Prepare PUMS data for non-relative income imputation
prepare_income_fit_dt.RdCleans and formats PUMS person-level data for use in non-relative income imputation models, generating predictors and flags for model fitting. Use to create model-ready data for quantile regression or similar approaches.
Arguments
- pums_cleaned
data.table. Cleaned PUMS person-level data. Required columns:
PUMA— PUMA identifier SERIALNO— household ID SPORDER— person sequence number PINCP— personal income AGEP— age RELSHIPP_label— relationship label Rows: one per person. Keys: ( SERIALNO,SPORDER). Modified by reference: no (returns copy).
- target_names
character vector. Names of model predictor variables (e.g., 'p_employment', 'p_age', 'p_univstudent').
- settings
list. Settings object with configs.
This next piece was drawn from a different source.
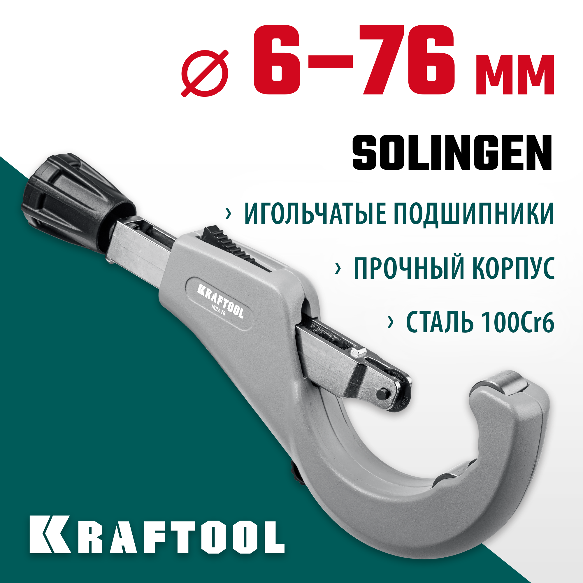 INOX профессиональный роликовый труборез на подшипниках: для нержавеющих, стальных, медных, алюминиевых, латунных, бронзовых труб с толщиной стенки до 2мм. Режущий ролик SOLINGEN made in GERMANY: сталь 100Cr6, закалка 67 HRC. Игольчатые подшипники в режущем и опорных роликах для легкого хода. Высокоточная система подачи ролика для идеально точного реза. Быстрая замена ролика без инструментов. Металлический корпус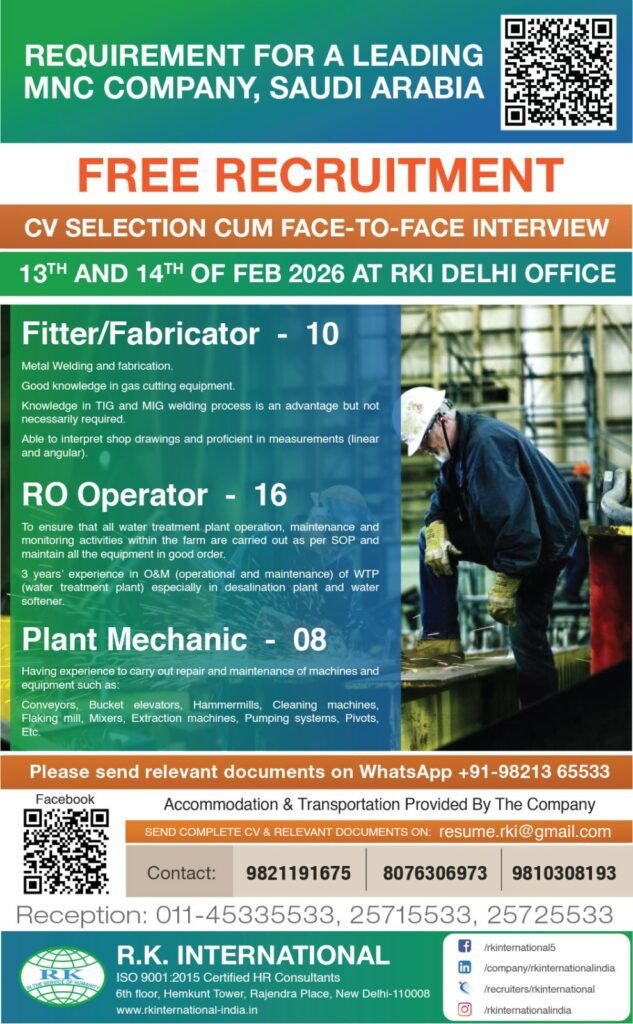 Large Nos. of Vacancy For Saudi Arabia & Kuwait – Apply Today

Keys:
age_employable, optional — minimum age for employable persons. Default 16.
Value
data.table. Model-ready PUMS data for imputation. Columns:
person_id— unique person identifier hh_id— household identifier model predictor columns for each variable in target_names
PINCP— personal income AGEP— age unrelated— flag for nonrelative status Rows: one per person. Keys: ( person_id,hh_id).
Details
Reads PUMS codebook and sets employable age threshold from settings (default 16).
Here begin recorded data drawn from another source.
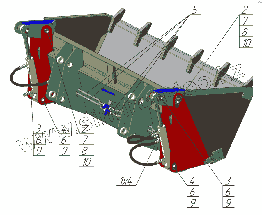Общий вид и основные узлы ковша челюсти РАПТОР ПФН-165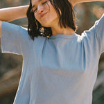 Meet petit pointelle ~ our most delicate semi-opaque cotton pointelle knit inspired by vintage undergarments. This simple tee features a dropped shoulder and looser relaxed fit. Organically delicious.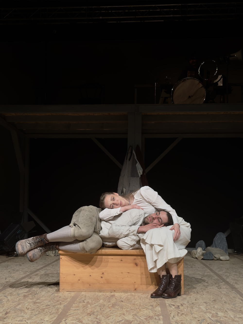 Selina Heindl als Aloisia und Kilian Klapper als Rudolf gestalten diese sich zart und etwas holprig anbahnende Beziehung mit großer Nuanciertheit und Genauigkeit. Das Stück verfolgt weniger dramatische Wendungen als vielmehr ein langsames, vorsichtiges Zusammenwachsen zweier Menschen, deren Leben stark von Arbeit, Verantwortung und den Nachwirkungen des Krieges geprägt ist. Beide tragen dabei ihr eigenes Geheimnis mit sich – Erfahrungen, über die lange nicht gesprochen wird und die immer wieder als leiser innerer Konflikt spürbar bleiben.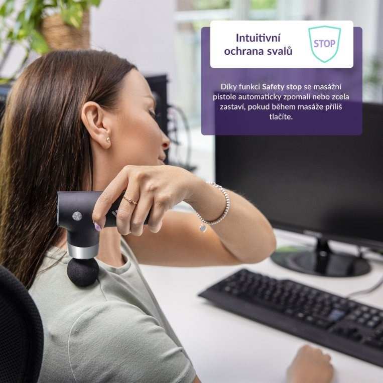 Aby nedošlo ke zranění, je masážní pistole vybavena funkcí Safety Stop, díky které automaticky zpomalí či úplně zastaví motor, pokud při masáži příliš přitlačíte. Přístroj se sám vypne po 15 minutách masáže. Ovládání je velice intuitivní a jednoduché, protože vám k použití postačí pouze jedno tlačítko.

Copies input data to avoid reference modification.
Adds identifiers: puma_id, hh_id, person_id.
Calls prepare_impute_targets to generate model predictors for each person.
Sets negative incomes and ages below employable threshold to zero.
Flags nonrelatives using RELSHIPP_label pattern matching.
Subsets to working-age, unrelated persons for model fitting.
Returns a data.table with predictors and flags for imputation.
Assumes valid PUMS data and codebook; errors if required columns are missing.
See also
prepare_impute_targets, prepare_persons_dt
Other imputation utilities:
calculate_acs_proportions(),
get_acs_ethnicity(),
get_acs_race(),
get_hh_person_sums(),
impute_ethnicity(),
impute_gender(),
impute_income_nonrelatives(),
impute_income_pnta(),
impute_race(),
make_binary(),
prep_hhs_for_income_imputation(),
prepare_acs_income(),
prepare_ethnicity_labels(),
prepare_ethnicity_survey_data(),
prepare_impute_targets(),
prepare_persons_dt(),
update_hh_income_imputed()
Examples
## Not run:
prepare_income_fit_dt(pums_cleaned, target_names = c('p_employment', 'p_age'), settings)
#> Error in prepare_income_fit_dt(pums_cleaned, target_names = c("p_employment", "p_age"), settings): could not find function "prepare_income_fit_dt"
## End(Not run)